On the street, a couple of babies will sleep in a stroller, and older children will run around. Since it is customary here to move from bar to bar, everyone walks with the children (in strollers, on scooters, bicycles and just on foot), this does not bother anyone. The most popular bar is located in the square next to the playground. The perfect combination: mom - wine, baby - swing.
But apart from Friday and Saturday, and also Sunday morning, when everyone goes out to drink (again) vermouth and eat squid, there is practically no life in the village. You can go to the mountains, or to other mountains, or to third mountains, you can walk to the waterfall or to the barbecue area. And that's all. An extrovert's nightmare, in general.
For the most part, here you are left to yourself, which is quite funny, because it gives you the opportunity to get to know yourself, learn a lot about yourself - and all this outside the frantic rhythms of the big city, which drown out true desires and aspirations. Many wonderful discoveries await every citizen who has moved to the village. It is likely that one of the discoveries will be the fact that you will never be able to live in the village. And the point. But it's still worth it.

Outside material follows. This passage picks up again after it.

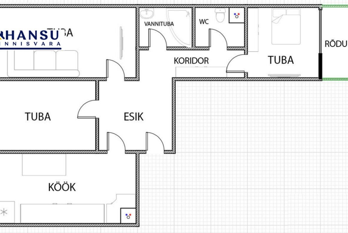 Korteri köetav pind on 64,8 m2 millele lisandub ca 3 m2 rõdu.

I also have horses grazing under my window - white and bay. We throw carrots to them from the balcony. They have recently had a foal, a real little foal!
The Spanish province differs from the Russian education system. How they teach there, what, do they ask homework and what they feed, our columnist Elizaveta Okulova told. And of course, what kind of Spain it would have been if we hadn't started talking about real men!